Who's Afraid of Virginia Woolf?, Harold Pinter Theatre | reviews, news & interviews
Who's Afraid of Virginia Woolf?, Harold Pinter Theatre
Who's Afraid of Virginia Woolf?, Harold Pinter Theatre
Humour and vitriol contend in a tightly orchestrated production of Albee's celebrated play
Martha is described in the script of Who's Afraid of Virginia Woolf? as "a large, boisterous woman...ample but not fleshy". Imelda Staunton is petite, neat and trim, not obvious casting for the female lead in Edward Albee's most famous play. But she has formidable, coiled-spring energy and, when she wishes, a rasping voice that can cut like a hacksaw. She is less a blousy seductress, more a quick, flick-tongued viper. Martha's husband George should be "thin, hair going grey".
As a picture of a toxic marriage, James Macdonald's stylishly orchestrated West End production works as well as ever. It is 1962. George is an associate history professor in a provincial New England university where Martha's father is president. George was head of department during the war but – unfortunately for him – all his colleagues returned unscathed and his career is in the doldrums. Martha takes every opportunity to voice her disappointment in her husband, but they share a complicated fantasy, a cocoon which nevertheless provides them with ammunition against each other.
Saddled with the names of the Washingtons – perhaps to suggest a wider falling apart of American, even Western, civilisation and with a teasing echo of the importance of truth-telling – they rip emotional chunks out of each other while demonstrating a painful, ultimately exclusive, closeness. For all their cruelty, they need each other and glimmers of genuine love, or at least a memory of it, steal through the vitriol.
The title was among graffiti Albee had seen years earlier scrawled on a mirror in a Greenwich Village bar. He thought it a good academic joke, a play on "Who's afraid of the Big Bad Wolf?" which he interpreted as "who's afraid of living life without false illusions?" False illusions are at the core of this play.
One Saturday night, after a faculty party, Martha invites a new member of the academic staff to their dull campus house (designed in mud colours by Tom Pye) for drinks. Nick, a biologist, is blond, good looking and an accomplished boxer; his giggly wife, Honey, is naive, mousy and given to puking. They are a necessary audience for the play-flaying but are also drawn into it as Martha humiliates George by flirting outrageously with Nick and George in turn takes his revenge. Luke Treadaway and Imogen Poots (pictured below) give the younger couple, playing their own games of pretended perfection, real presence in a paler version of their hosts' imprisoning marriage.
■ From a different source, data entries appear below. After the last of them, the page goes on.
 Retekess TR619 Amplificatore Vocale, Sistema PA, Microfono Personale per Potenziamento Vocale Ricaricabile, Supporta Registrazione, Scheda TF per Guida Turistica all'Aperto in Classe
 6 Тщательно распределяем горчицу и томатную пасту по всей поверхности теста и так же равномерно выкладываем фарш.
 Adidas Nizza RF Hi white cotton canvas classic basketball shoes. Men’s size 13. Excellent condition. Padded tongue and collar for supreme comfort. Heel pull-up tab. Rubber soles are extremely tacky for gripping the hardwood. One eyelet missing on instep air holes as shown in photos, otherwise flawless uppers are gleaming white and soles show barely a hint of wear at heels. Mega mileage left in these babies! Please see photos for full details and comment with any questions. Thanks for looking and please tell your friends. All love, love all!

Albee said more than once that he could think of nothing worse than reaching the end of life and realising you hadn't really lived it. This alcohol-fuelled quartet seem bent on just such an outcome. Disappointment – about status, about children – dogs both couples. Male competitiveness simmers. Macdonald's production also makes clear the power of one generation over the next. It is no accident that George deals in the past, history, and Nick in the future, science. And the personality of the wife's father looms large over both couples.
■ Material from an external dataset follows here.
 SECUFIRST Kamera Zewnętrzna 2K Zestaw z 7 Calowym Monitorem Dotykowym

Albee, who died in September 2016, once said the play (and later the 1966 film starring Elizabeth Taylor and Richard Burton which won five Oscars) "hung about my neck like a shining medal of some sort – really nice but a trifle onerous." In later years, having won three Pulitzer Prizes and numerous awards, he went on to a late-flowering period, including The Goat or Who Is Sylvia?, soon to open in London, but Who's Afraid of Virginia Woolf? still shines as his landmark play.
Staunton and Hill, although unusual casting (but sanctioned by Albee himself) present a couple who are equals in intelligence, malignity and mutual need and who know exactly how to hurt each other. They are also both brilliant comic performers: Hill's laconic, snide precision is a perfect complement to Staunton's louche loudness and they find every scrap of poisonous humour in a tight, toxic duet. The stripping away of the delusion by which they have lived (and even after more than half a century it seems necessary not to spell it out) causes an unforgettable animal howl from Staunton; for the moment George has won.